### Exercise prompt
Every line of the material is to be transcribed verbatim, with images omitted.
# # # #
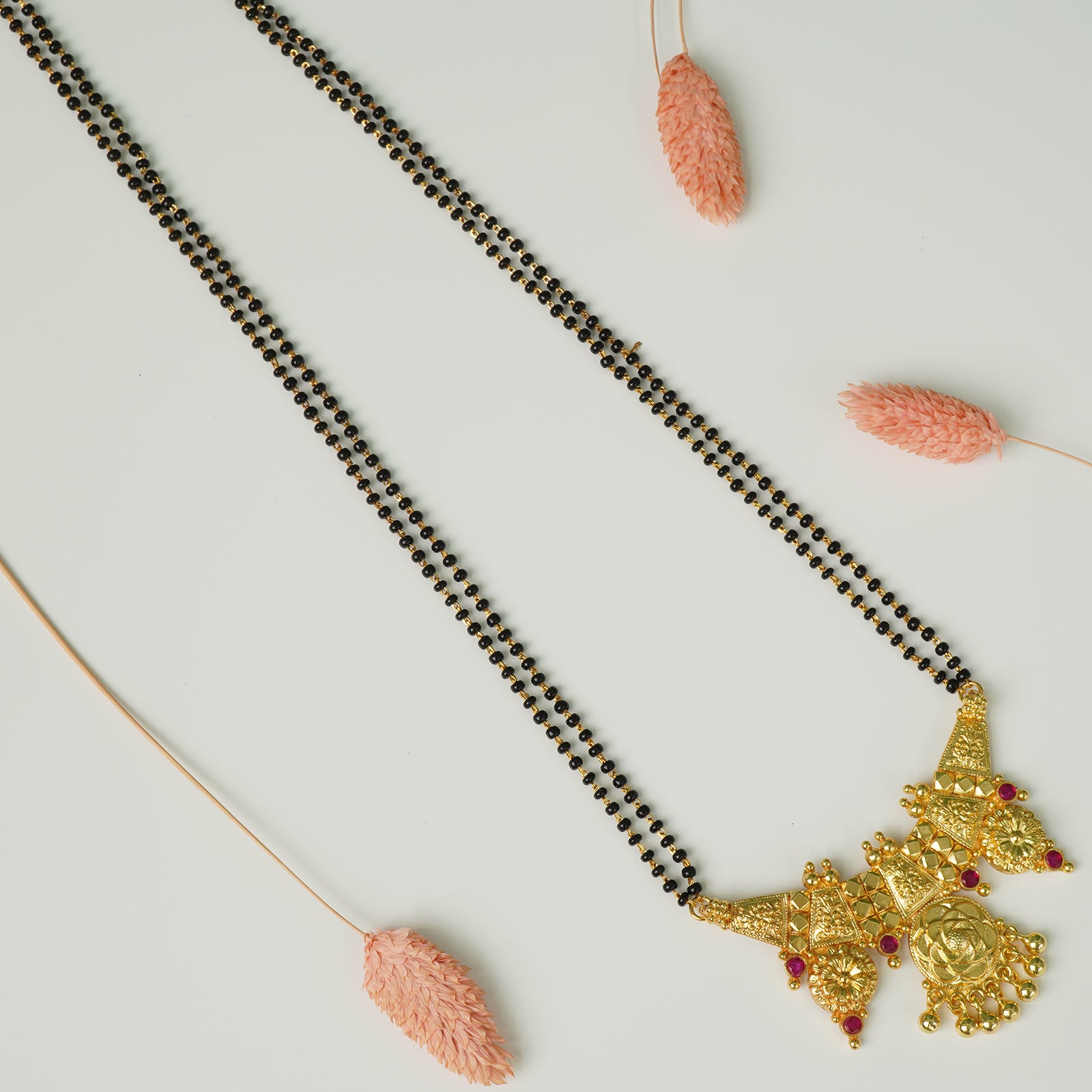 Pure 925 Silver Gold Plated Long Mangalsutra Design - Flower
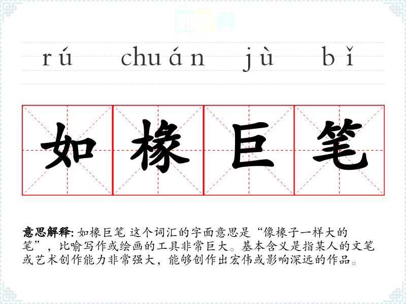如椽巨笔 这个词汇的字面意思是“像椽子一样大的笔”,比喻写作或绘画的工具非常巨大。基本含义是指某人的文笔或艺术创作能力非常强大,能够创作出宏伟或影响深远的作品。
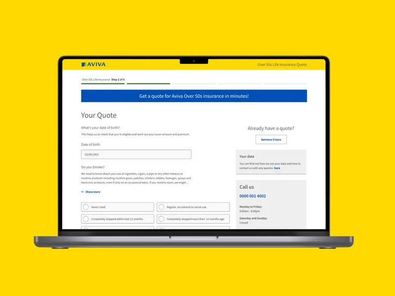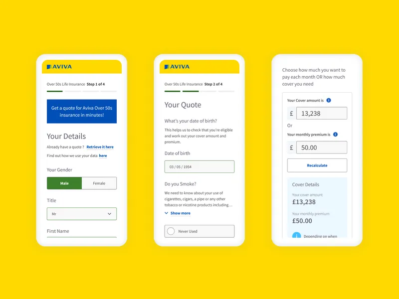 Across several projects, our main aim has been to increase conversion, whether sign-ups or sales. Thorough user testing sessions have ensured that our design work leads to the intended user response. The projects are still in development, so watch this space to see what we achieved with the Aviva teams!
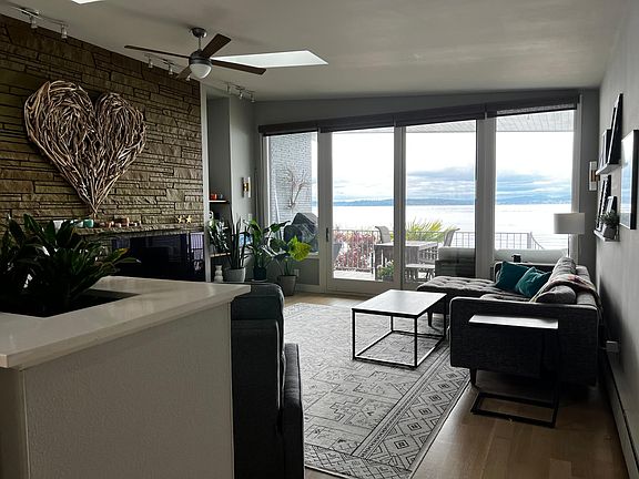 West Seattle Waterfront Home. Beach Drive mid-century modern home, located directly on the water midway between historic Alki Beach Point & Lincoln Park and 5 minutes from West Seattle Junction. Vaulted ceilings, skylights, new hardwood floors, designer finishes, low maintenance yard with new artificial grass and attached garage. Two master suites with ensuite bathrooms and a third bedroom and bathroom. Stunning views from kitchen, living, dining and master suites to Puget Sound and the Olympic Mountains. Watch sea lions and eagles while relaxing on one of two back decks. Friendly residential neighborhood, perfect for walks, runs, bike rides and paddle boarding. Unique opportunity to rent a waterfront home. On and off street parking. No smoking. Renter responsible for utilities. First and last months rent, and security deposit at signing. Pet allowed upon approval, $200 pet fee and $200 increase to security deposit (+$100/$100 for 2nd animal).
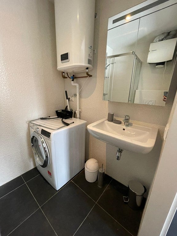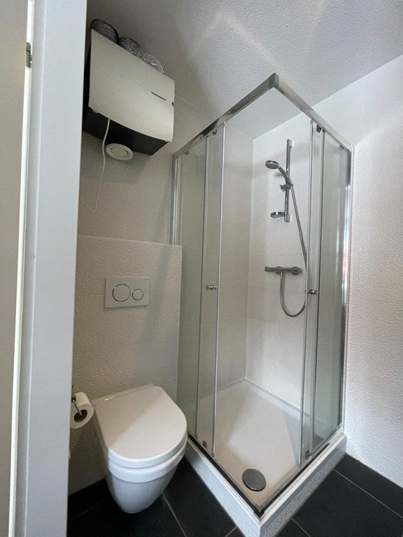 De badkamer is betegeld en is ingericht met een douche, toilet, wastafel en wasmachine/droog combi.
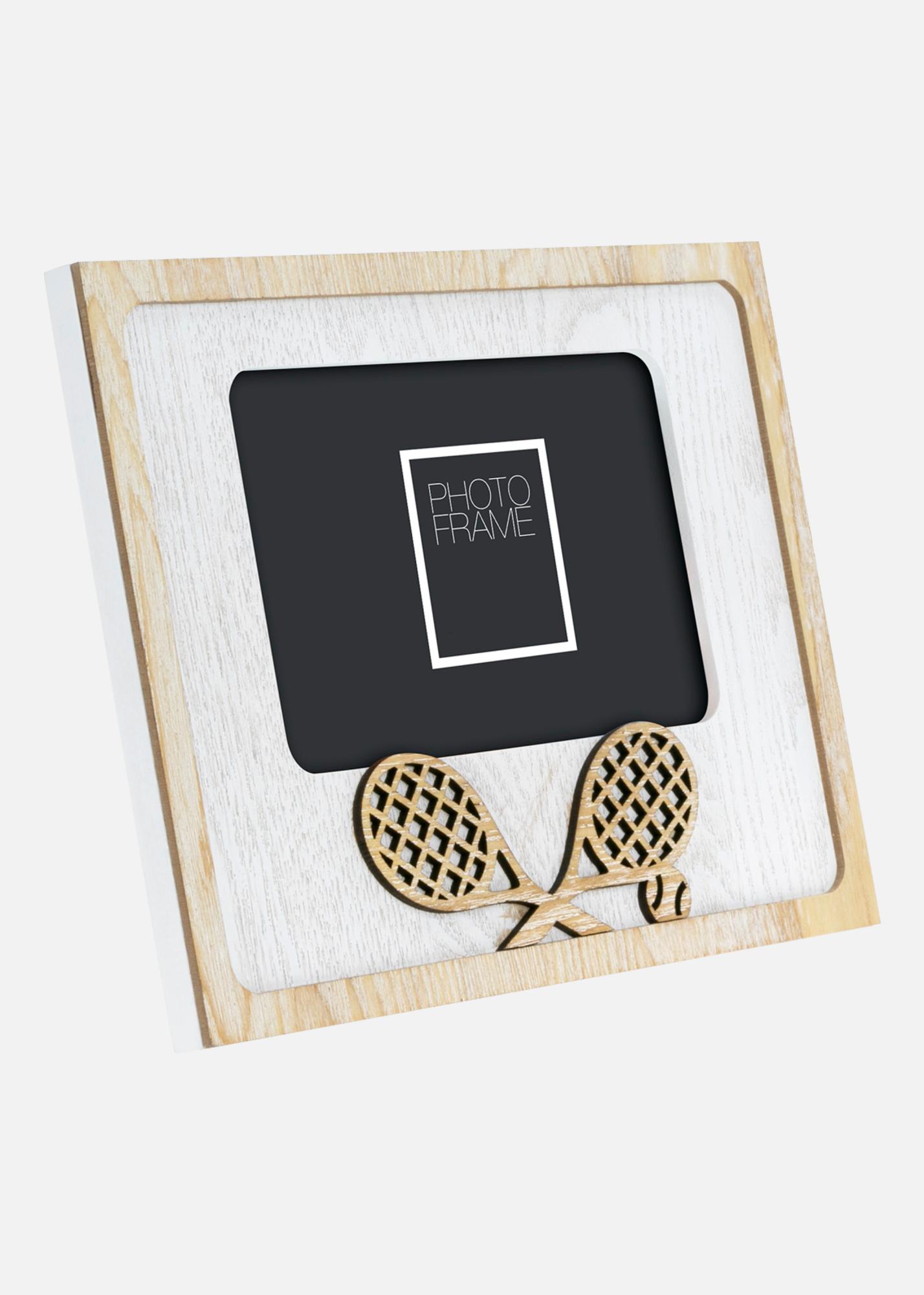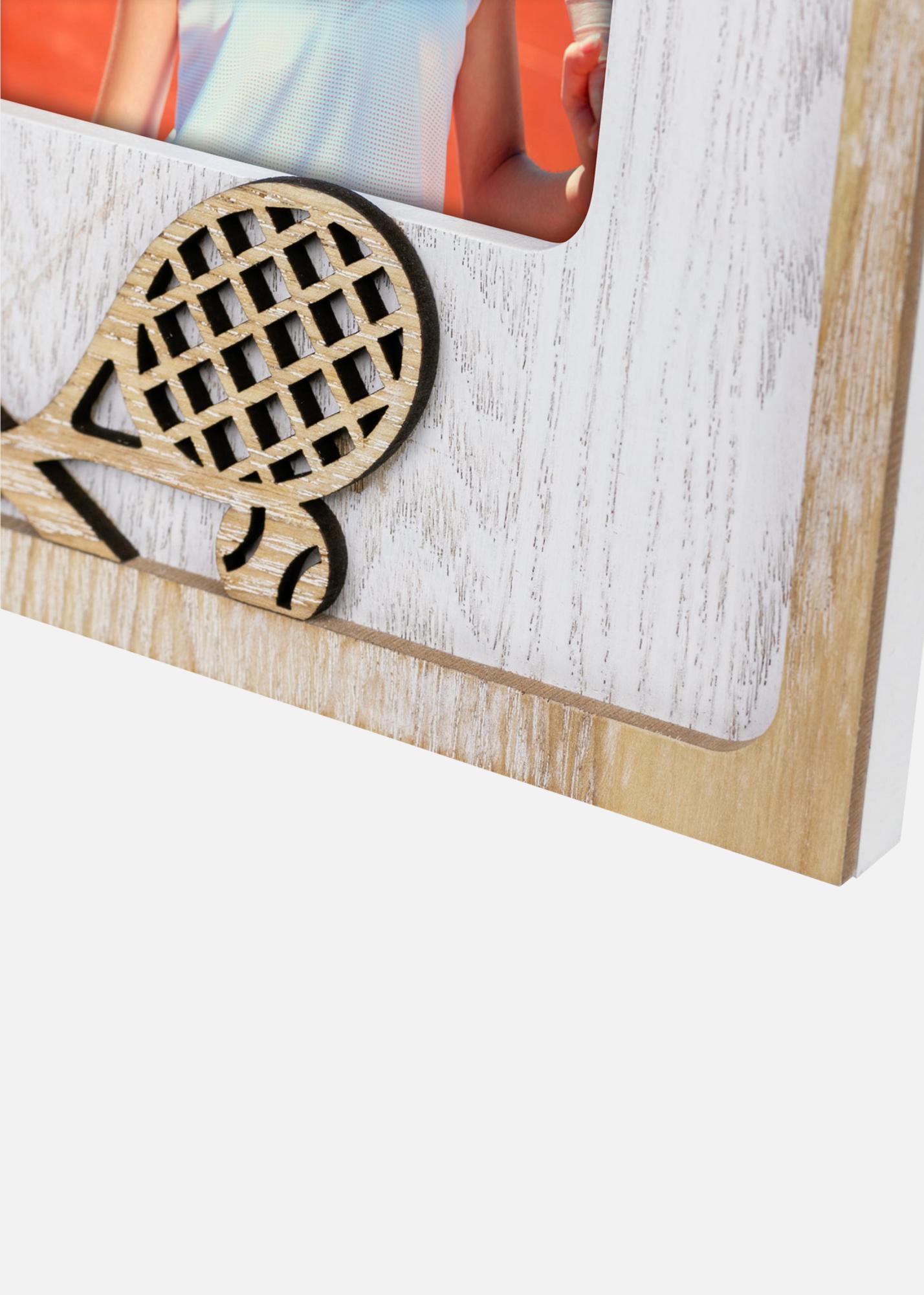 Športno navdihnjen foto okvir s teniško temo. Okrašen z izrezanimi teniškimi loparji, popoln za okvirjanje spominov s teniškega igrišča ali športnih aktivnosti. Primeren za velikost slike 10x15 cm.
# # # #
### Answer below
 Pure 925 Silver Gold Plated Long Mangalsutra Design - Flower
如椽巨笔 这个词汇的字面意思是“像椽子一样大的笔”,比喻写作或绘画的工具非常巨大。基本含义是指某人的文笔或艺术创作能力非常强大,能够创作出宏伟或影响深远的作品。
 Across several projects, our main aim has been to increase conversion, whether sign-ups or sales. Thorough user testing sessions have ensured that our design work leads to the intended user response. The projects are still in development, so watch this space to see what we achieved with the Aviva teams!
 West Seattle Waterfront Home. Beach Drive mid-century modern home, located directly on the water midway between historic Alki Beach Point & Lincoln Park and 5 minutes from West Seattle Junction. Vaulted ceilings, skylights, new hardwood floors, designer finishes, low maintenance yard with new artificial grass and attached garage. Two master suites with ensuite bathrooms and a third bedroom and bathroom. Stunning views from kitchen, living, dining and master suites to Puget Sound and the Olympic Mountains. Watch sea lions and eagles while relaxing on one of two back decks. Friendly residential neighborhood, perfect for walks, runs, bike rides and paddle boarding. Unique opportunity to rent a waterfront home. On and off street parking. No smoking. Renter responsible for utilities. First and last months rent, and security deposit at signing. Pet allowed upon approval, $200 pet fee and $200 increase to security deposit (+$100/$100 for 2nd animal).
 De badkamer is betegeld en is ingericht met een douche, toilet, wastafel en wasmachine/droog combi.
 Športno navdihnjen foto okvir s teniško temo. Okrašen z izrezanimi teniškimi loparji, popoln za okvirjanje spominov s teniškega igrišča ali športnih aktivnosti. Primeren za velikost slike 10x15 cm.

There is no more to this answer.